The business combination agreement has been unanimously approved by the Boards of Directors of Noble and Maersk Drilling, and it is also supported by major shareholders of both companies, including Noble’s top three shareholders, which collectively currently own approximately 53% of Noble shares, and APMH Invest A/S, which currently owns approximately 42% of the share capital and votes of Maersk Drilling. In addition, certain foundations related to APMH Invest A/S, which currently own approximately 12% of the share capital and votes of Maersk Drilling, have expressed their intention to support the transaction.

Maersk Drilling’s Chairman of the Board, Claus V. Hemmingsen, said:

“This combination carries strong industry logic. With the combination we are creating a differentiated provider of offshore drilling services, which will be able to enhance the customer experience through increased scale, global reach, and industry-leading innovation. The combination will create value for all shareholders and will offer investors a unique opportunity to benefit from the market recovery, a robust financial position and strong free cash flow potential, all paving the way for the potential return of capital to shareholders.”

A.P. Moller Holding CEO Robert Uggla said:

“In 2016, A.P. Moller Holding instigated the restructuring of A.P. Moller – Maersk and the renewal of the A.P. Moller Group. As part of such restructuring, Maersk Drilling was demerged from A.P. Moller – Maersk with the objective to establish an independent company with a capable, focused Board and to actively participate in the required consolidation of a distressed drilling industry. The combination of Maersk Drilling and Noble creates a drilling company with a stronger customer proposition building on the companies’ extensive operational capabilities. The combined company will hold an industry leading balance sheet, significant cost synergies, a modern fleet and with access to an international shareholder base.”

Maersk Drilling CEO Jørn Madsen said:

”Noble is the right match for Maersk Drilling, and the combination makes a lot of sense. I’m proud that Maersk Drilling’s strong heritage in the North Sea, unparalleled operational excellence and competencies, industry-leading sustainability position and commitment to innovation will contribute to creating a world class driller with an unmatched expertise within deepwater and harsh environment drilling. In the short term, the combination will, unfortunately, impact our organisation, but it will also create a larger and stronger company, which will provide future opportunities for growth and new jobs.”

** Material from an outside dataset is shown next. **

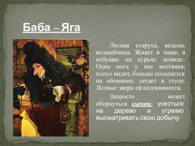 на курьих ножках. Одна нога у нее костяная; плохо видит, больше полагается на обоняние; летает в ступе. Лесные звери ей подчиняются.

The combination is expected to generate potential cost synergies of USD 125 million per year with full potential to be realized within two years after closing of the transaction. The combined company will benefit from a diverse revenue mix, a robust contract backlog with significant earnings visibility, a solid balance sheet, and a strong free cash flow potential, supporting the potential for return of capital to shareholders while providing resiliency through the industry cycle.